One might argue that an LSM tree has a WAL — LSM’s log contains logical records instead of physical changes, but it seems like the essentials are there.

nyrikki · a year ago

Ever have an LSMT quit writing a run half way through? Ever need to try and restore Cassandra where mutation storage order isn't guaranteed, with the last mutation always winning?

It is absolutely not "atomic" if you have ever had to do a recovery from SSTable snapshots.

eatonphil · a year ago

One of the interesting things I came up against while writing this post was the pretty common misconception that SQLite and Postgres will validate your data with checksums [0]. SQLite leaves this to an optional extension (this is a little more commonly known). Here was an HN comment I stumbled on about Postgres [1]:

> Postgres (and other databases that actually care about data integrity) have per page checksums:

Postgres does have support for data checksumming (but not metadata checksumming) but defaults to disabling data checksumming. MongoDB (WiredTiger) on the other hand defaults to checksumming. I was told after publishing this post that MySQL (InnoDB) also does checksum by default but I did not check that in my survey.

Links for proof are in the post.

[0] https://x.com/eatonphil/status/1807572135340134687

[1] https://news.ycombinator.com/item?id=25231308

wongarsu · a year ago

That's interesting. [1] seems to be the relevant page in the postgres documentation.

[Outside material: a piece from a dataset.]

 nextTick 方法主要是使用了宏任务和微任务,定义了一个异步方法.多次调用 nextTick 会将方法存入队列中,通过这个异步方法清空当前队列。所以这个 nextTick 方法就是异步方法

tl;dl: run `SHOW data_checksums` to see if checksums are enabled (they were enabled by default on our GCP Cloud SQL instance), to enable them shut down postgres and run `pg_checksums --enable --progress`

1: https://www.postgresql.org/docs/current/checksums.html

slaymaker1907 · a year ago

I’ve come around to the idea that checksumming isn’t some universal panacea. Once you have checksums, you need to start thinking about error *recovery* and not just detection. What happens to linked data? Do you just declare the whole SQLite file corrupted and just throw up your hands?

If you have backups, that’s one obvious solution, but people might not have uncorrupted backups.

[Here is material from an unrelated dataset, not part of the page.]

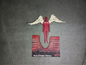Im Laufe der Zeit haben die Straßenkünstler erkannt, dass ihre Aufgabe nun darin besteht, die Ukrainer psychologisch zu unterstützen, indem sie über ihrer Kunst die Themen des Krieges reflektieren, Ausländer über den Krieg informieren und die Armee unterstützen. Innerhalb weniger Monate nach Ausbruch des Krieges waren die Straßen voll mit Graffiti, Aufklebern und Plakaten zum Thema Krieg. In verschiedenen Städten wurden große Graffitis zur Unterstützung des Regiments Asow und der belagerten Städte gemalt. [...]

I still think you should do it and emit a warning about it at the very least, but it’s not trivial to handle.

throw0101b · a year ago

Just use ZFS. :)

dboreham · a year ago

Database engines that live as libraries inside application processes (like WT) have a more pressing need for checksums because the most common attack vector is buggy pointer arithmetic outside the library that stomps on data in memory randomly.

whizzter · a year ago

Checksumming is also useful when storage goes bad or other random hardware corruption like cosmic rays or overheating/old computers.

fdr · a year ago

yeah, that one is a path dependency issue, re: postgres. I'm not sure if it's well reasoned past inertia after the initial "it's new, let's not throw the entire user base into it at once", but at the very least, it will complicate pg_upgrade somewhat. WiredTiger didn't really have that path dependency, being itself new to Mongo to shore up the storage situation.

It's probably about time to swap the default, but some people's once-working pg_upgrade programs that they haven't looked at in a while might break. Probably okay; those things need to happen...once in a while. I suppose some people that resent the overhead of Postgres checksumming atop their ZFS/btrfs/dm-integrity/whatever stacks, but they are somewhat rarer.

funny_falcon · a year ago

Most weird thing: PostgreSQL's checksum algorithm is almost free on modern processors. It uses SIMD instructions extremely well in optimized builds. I've never seen him in CPU profile despite I always enable it.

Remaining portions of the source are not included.